**Goal of the exercise:**
The whole listing below needs to be duplicated exactly, pictures aside.

**Collected data:**

>>>>>

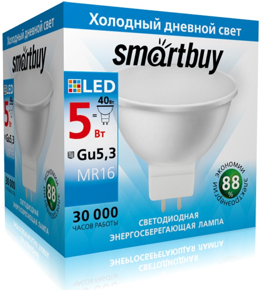 Светодиодная лампа (LED) SmartBuy GU5.3 (MR16) 5W/6000/GU5.3. Светодиодная лампа (LED) SmartBuy GU5.3 (MR16) 5W/6000/GU5.3. Светодиодная лампа энергосберегающая лампа направленного света, широко используется в помещениях — в различных точечных потолочных светильниках, для украшения витрин, в.
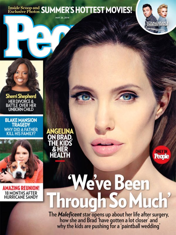 Today is the one year anniversary of Angelina Jolie’s op-ed in The New York Times in which she revealed that she’d had a preventative double mastectomy. May 14, 2013. Click here to re-read it. This year she’s appearing in a different kind of publication. It’s a different kind of message. Check out the Jolie on the cover of the new issue of PEOPLE in advance of the release of Maleficent. And there’s an exclusive interview about when she and Brad Pitt are getting married and what her relationship with him is like.
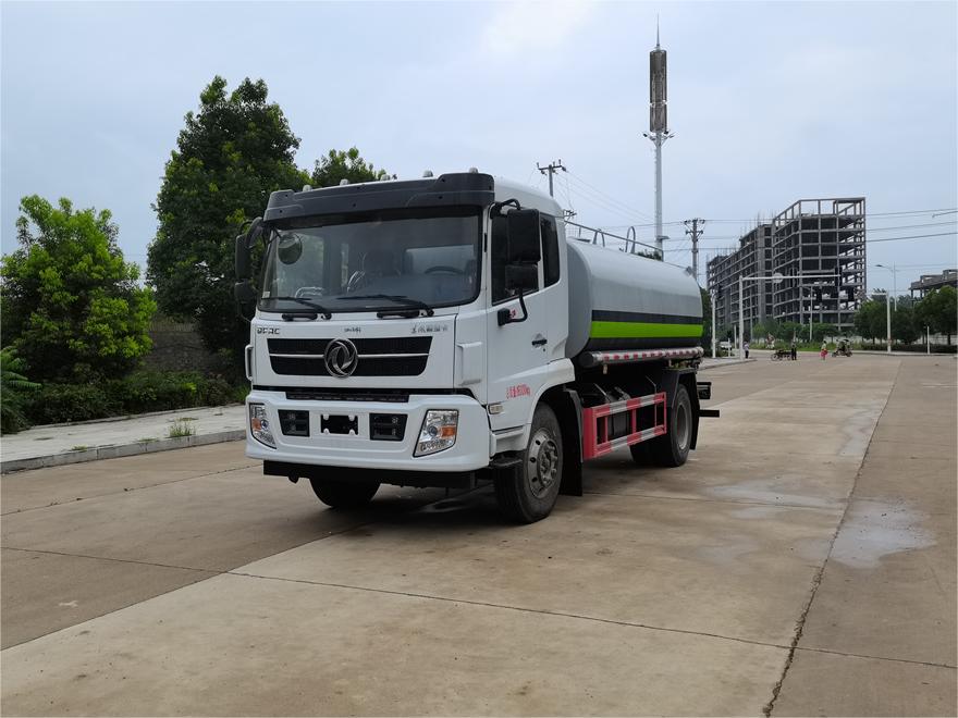 灑水車前裝有鴨形噴嘴或圓頭沖嘴,后面裝有圓柱開灑水噴嘴或蓮蓬頭噴嘴,后部有一工作平臺,裝配有水炮。后部還可裝8個噴嘴(選裝)。

<<<<<

**Result of the task:**
 Светодиодная лампа (LED) SmartBuy GU5.3 (MR16) 5W/6000/GU5.3. Светодиодная лампа (LED) SmartBuy GU5.3 (MR16) 5W/6000/GU5.3. Светодиодная лампа энергосберегающая лампа направленного света, широко используется в помещениях — в различных точечных потолочных светильниках, для украшения витрин, в.
 Today is the one year anniversary of Angelina Jolie’s op-ed in The New York Times in which she revealed that she’d had a preventative double mastectomy. May 14, 2013. Click here to re-read it. This year she’s appearing in a different kind of publication. It’s a different kind of message. Check out the Jolie on the cover of the new issue of PEOPLE in advance of the release of Maleficent. And there’s an exclusive interview about when she and Brad Pitt are getting married and what her relationship with him is like.
 灑水車前裝有鴨形噴嘴或圓頭沖嘴,后面裝有圓柱開灑水噴嘴或蓮蓬頭噴嘴,后部有一工作平臺,裝配有水炮。后部還可裝8個噴嘴(選裝)。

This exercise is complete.